Der Kanton Tessin möchte, dass bei der Umsetzung der Masseneinwanderungsinitiative seiner
Sichtweise Rechnung getragen wird. Der Staatsrat
hat darum dem Institut für Verhandlungsführung
und Konfliktmanagement der ETH Zürich von
Professor Michael Ambühl das Mandat erteilt, das
Konzept einer differenzierten ArbeitsmarktSchutzklausel zu entwickeln. Eine Schutzklausel
erlaubt es, die Personenfreizügigkeit im Grundsatz
zu erhalten, gleichzeitig jedoch gezielte und begrenzte Interventionen in Ausnahmesituationen zu
ermöglichen.
Angestrebt wird eine Schutzklausel, deren Auslösemechanismus nicht an die Zuwanderung gebunden ist, sondern an Arbeitsmarktindikatoren
wie Medianlohn, Arbeitslosigkeit, Jugendarbeitslosigkeit oder Lebenskosten.
Unsere Arbeitshypothese lautet, dass an keiner
anderen Grenze Europas das Gefälle bei diesen
Indikatoren so steil ist wie an der Grenze zwischen
der Schweiz und Italien – und dass an keiner anderen Grenze Europas diese Differenzen seit Ausbruch der Finanzkrise so stark zugenommen haben
wie hier. In einer solchen, mit präzisen Daten zu
umschreibenden Ausnahmesituation soll es möglich sein, zeitlich begrenzte Schutzmassnahmen zu
ergreifen, und zwar regional differenziert und gezielt in besonders betroffenen Wirtschaftssektoren.
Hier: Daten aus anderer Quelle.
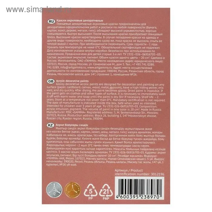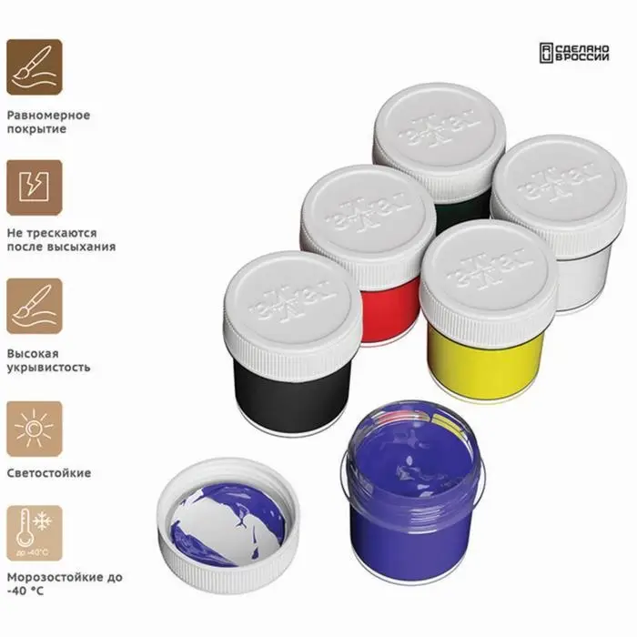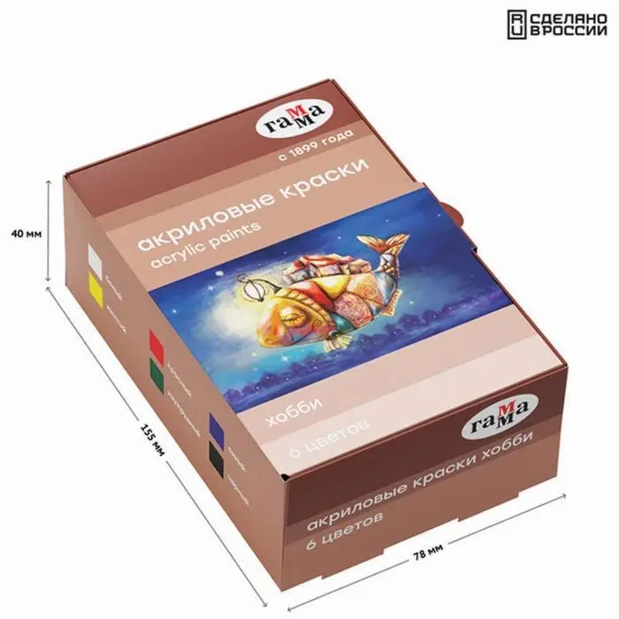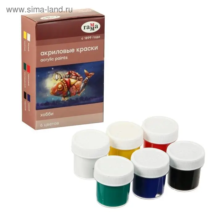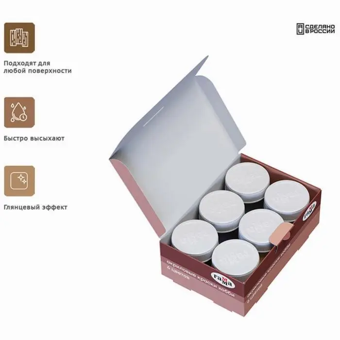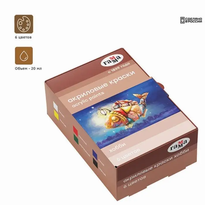 Краска акриловая, набор 6 цветов × 20 мл, Гамма «Хобби», морозостойкая, глянцевая
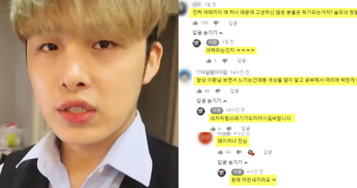 그 중 한 누리꾼이 "왜 이러냐 진심"이라며 이환의 영상에 비난 섞인 댓글을 달았다.
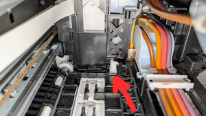 TIP 3: View the linked video (above) to see how to unlock the printhead. There’s a small, white plastic lock on the left side of the printhead that needs to move out of the way to allow the printhead to move freely. The picture shows the location of the lock as seen from the left side of the printer looking down towards the right side, though the printhead has een moved to the left side of the printer and isn’t in view. There are several ways to unlock the printhead lock, the video show how to turn the gears on the left side of the printer to unlock it easily.
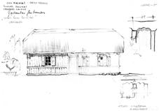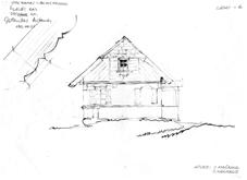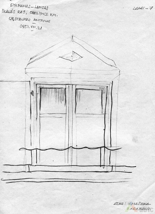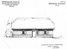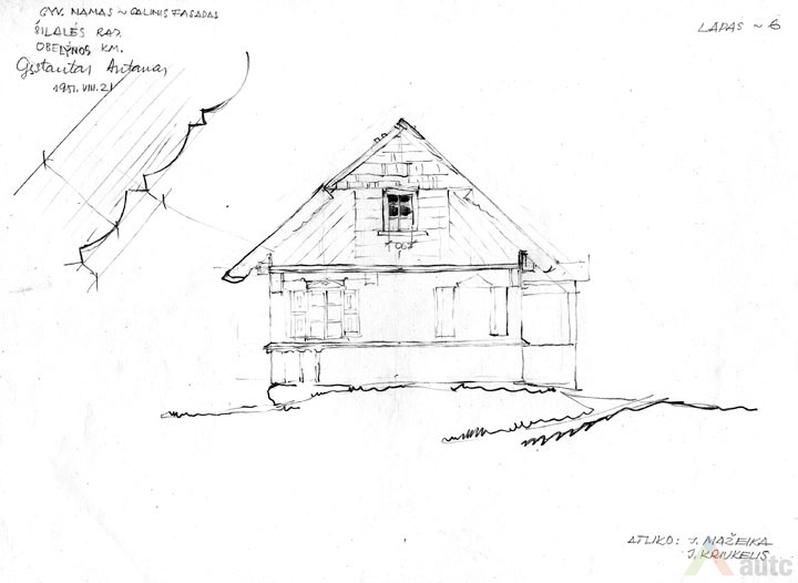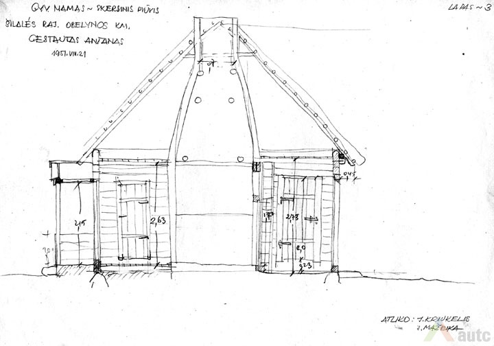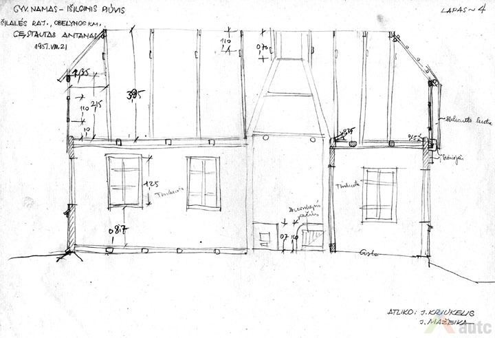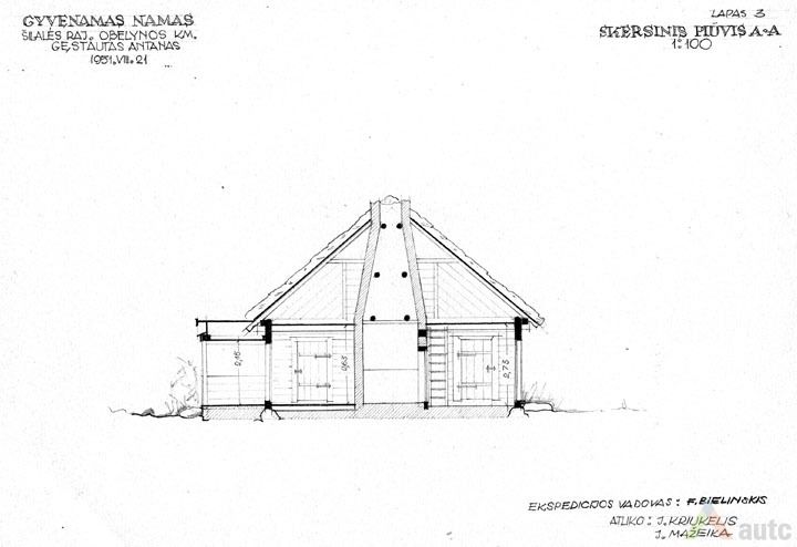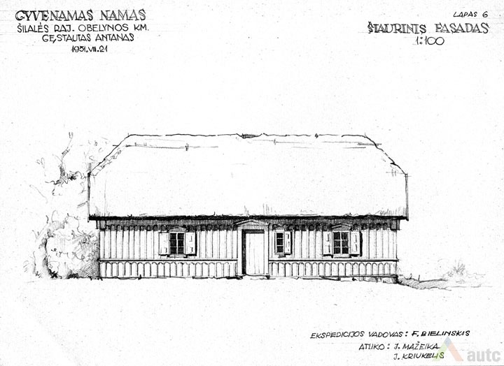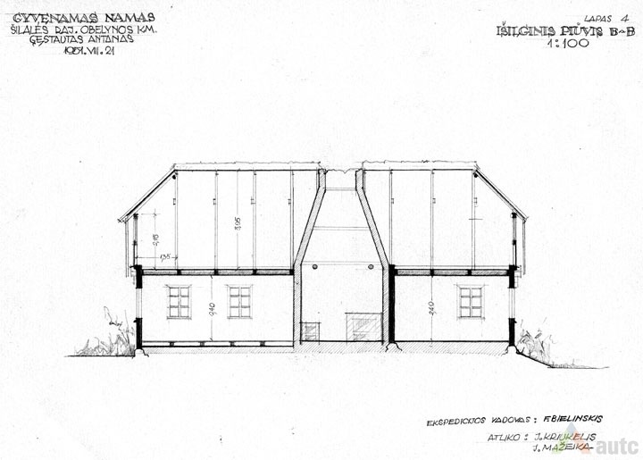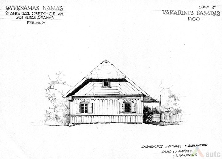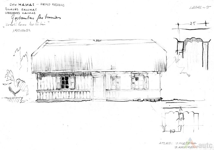 Gyvenamasis namas (troba) statytas apie 1900 m. Namas suręstas ant akmeninių pamatų, sienos rąstų, vertikaliai apkaltos lentomis. Namo stogas pusvalminis, dengtas šiaudais (tik galai dengti gontais). Gegnių atramos tipiškos šiam kraštui konstrukcijos – gegnės remiasi ne tiesiai į viršutinį vainiką, bet ant pagegninio, gulinčio virš iškištų į lauką perdengimo sijų galų. Namas skoningai dekoruotas: apatinė pastato sienojų dalis iki langų puošta vertikaliai apkaltomis lentomis, kurių pasikartojantys pjaustiniai sudaro dekoratyvų ornamentą. Apatinė sienojų dalis labiau paveikiama drėgmės, greičiau pūdavo, todėl apkalimai naudoti ne tiek dėl puošnumo, kiek siekiant apsaugoti sienas nuo išorės poveikio. Stogo vėjalentės labai plačios, puoštos išpjaustytais ornamentais. Namo skliautas suskaidytas į kelias dalis, puoštas skirtingomis kryptimis sukaltomis lentelėmis. Tokia skliauto puošyba būdingesnė namams su dvišlaičiais, o ne pusvalminiais stogais. Langai papuošti santūriais trikampio frontonėlio formos antlangiais, tokios pat formos karnizas puošia ir duris. Langinės įsprūdinės konstrukcijos, dažytos baltai (kaip ir langų rėmai bei durys).

Eine solche objektiv definierte Schutzklausel ist
im Interesse der direkt betroffenen Grenzgebiete:
Sie ist nachvollziehbar, schafft Vertrauen, amortisiert Wirtschaftsschocks und trägt zu einer gesunden Wirtschaftsentwicklung bei. Eine Arbeitsmarkt-Schutzklausel ist in diesem Sinne eine Übergangsbestimmung: Sie trägt der Tatsache Rechnung, dass die vielen Wirtschaftsräume Europas –
und mit ihnen die Schweiz – vielleicht auf dem Weg
zu einem «harmonischen Wirtschaftsleben» sind,
dort jedoch nicht so rasch ankommen werden. Dem
gilt es Rechnung zu tragen. Das ist der Auftrag, den
das Volk uns Politikern am 9. Februar 2014 auf den
Weg gegeben hat.
Christian Vitta (fdp.) ist Direktor des Volkswirtschaftsund Finanzdepartements des Kantons Tessin.